## TO DO
Restate word for word the lines below that run from the one holding "隨后,同學(xué)們相繼帶" through the one holding "Ice Cream Cone", inclusive. Pictures don't belong in the copy.

(Stored items from a collection)
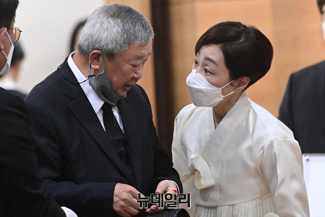 구지은 아워홈 부회장이 12일 오후 서울 송파구 서울아산병원 장례식장에 마련된 구자학 아워홈 회장의 빈소를 찾은 구본능 희성그룹 회장을 배웅하고 있다.
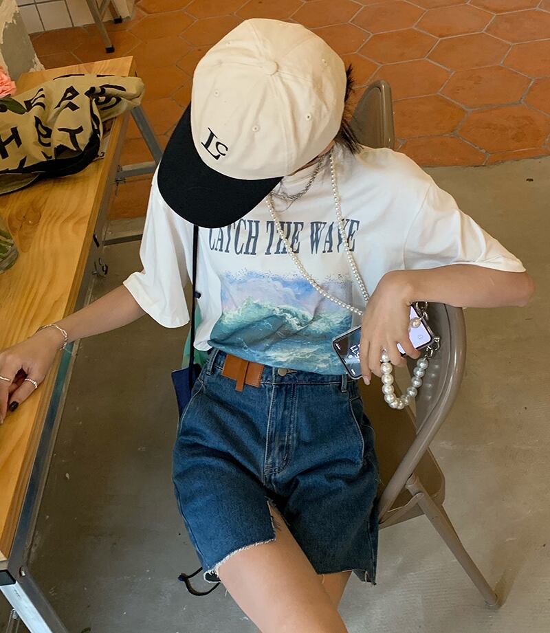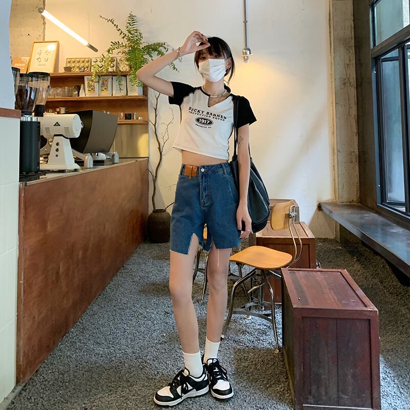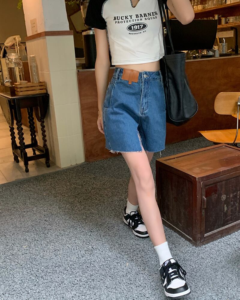 ウェストスリムルーズジーンズ サマースタンダードパンツ ショーツ レトロ 夏物 ブルマー モンロー77001484750
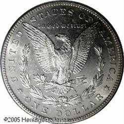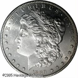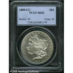 <B>1889-CC<img border='0' src='http://www.heritagecoins.com/images/star.gif' width=10 height=10>$1 MS62 PCGS.</B></I> Even if it wasn't the key date to the Carson City Morgan Dollar issue, this beautiful coin would be a hotly contested item on the bidding floor. Although the insert does not attribute the surfaces as prooflike, the fields are partially reflective and with modest contrast to the frosty devices. Fully struck with good definition even in the usually suspect centers. Despite a few trivial hairlines and small obverse marks, this coin is seemingly conservatively graded.<BR><I>From The Banks Collection.</B></I> Lot:10307
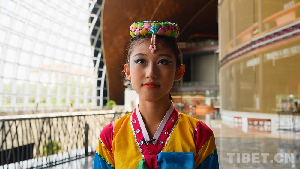 隨后,同學(xué)們相繼帶來(lái)多民族舞蹈展演,不僅有苗族舞蹈《岜沙獵人》、土家族舞蹈《阿達(dá)畢的心聲》,還有朝鮮族舞蹈《嬉舞泉韻》、漢族舞蹈《青傘映紅妝》、蒙古族舞蹈《美麗的草原我的家》、維吾爾族舞蹈《錦繡中華》和藏族舞蹈《歡樂(lè)牧民生活》等民族舞蹈串燒,演出熱烈歡快、獨(dú)具特色,讓觀眾們感受到我國(guó)各民族舞蹈的藝術(shù)特色和人們對(duì)美好生活的熱愛(ài)與期待。來(lái)自北京市航天圖強(qiáng)小學(xué)的蔡雨桐對(duì)記者表示,此次能夠跟西藏來(lái)的同學(xué)們一起朝夕相處、排練節(jié)目,讓她深刻感受到漢藏文化的交流交融?!拔覀兿嗵幍檬秩谇ⅲ谌粘I钪形乙舱J(rèn)識(shí)了很多藏族的小朋友,回去之后我們還會(huì)繼續(xù)通過(guò)書(shū)信聯(lián)系保持溝通,她們的淳樸、善良給我留下了深刻的印象。”
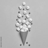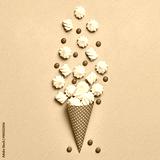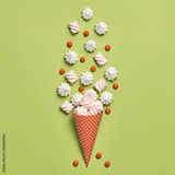Ice Cream Cone with Candies Sweets. Marshmallow, Meringue background. Flat lay. Summer Party, Birthday Firework. Vanilla Pastel Color. Trendy fashion Style. Minimal. Art
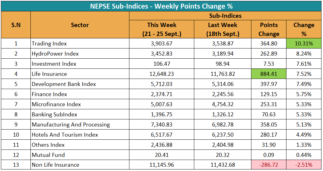 यस साता १३ वटा उपसमूहमध्ये १२ उपसमूहको परिसूचक बढेको छ भने एक उपसमूहको परिसूचक घटेको छ। यस साता व्यापार उपसमूहको परिसूचक सर्वाधिक १०.३१ प्रतिशत बढेको छ। गत साता ३५३८.८७ विन्दुमा बन्द भएको यस उपसमूहको परिसूचक, यस साता ३६४.८० अंक बढेर ३९०३.६७ विन्दुमा पुगेको छ। अंकका आधारमा भने यस साता जीवन बीमा उपसमूहको परिसूचक सर्वाधिक ८८४.४१ अंक बढेको छ।

## EXPECTED ANSWER
 隨后,同學(xué)們相繼帶來(lái)多民族舞蹈展演,不僅有苗族舞蹈《岜沙獵人》、土家族舞蹈《阿達(dá)畢的心聲》,還有朝鮮族舞蹈《嬉舞泉韻》、漢族舞蹈《青傘映紅妝》、蒙古族舞蹈《美麗的草原我的家》、維吾爾族舞蹈《錦繡中華》和藏族舞蹈《歡樂(lè)牧民生活》等民族舞蹈串燒,演出熱烈歡快、獨(dú)具特色,讓觀眾們感受到我國(guó)各民族舞蹈的藝術(shù)特色和人們對(duì)美好生活的熱愛(ài)與期待。來(lái)自北京市航天圖強(qiáng)小學(xué)的蔡雨桐對(duì)記者表示,此次能夠跟西藏來(lái)的同學(xué)們一起朝夕相處、排練節(jié)目,讓她深刻感受到漢藏文化的交流交融?!拔覀兿嗵幍檬秩谇ⅲ谌粘I钪形乙舱J(rèn)識(shí)了很多藏族的小朋友,回去之后我們還會(huì)繼續(xù)通過(guò)書(shū)信聯(lián)系保持溝通,她們的淳樸、善良給我留下了深刻的印象。”
Ice Cream Cone with Candies Sweets. Marshmallow, Meringue background. Flat lay. Summer Party, Birthday Firework. Vanilla Pastel Color. Trendy fashion Style. Minimal. Art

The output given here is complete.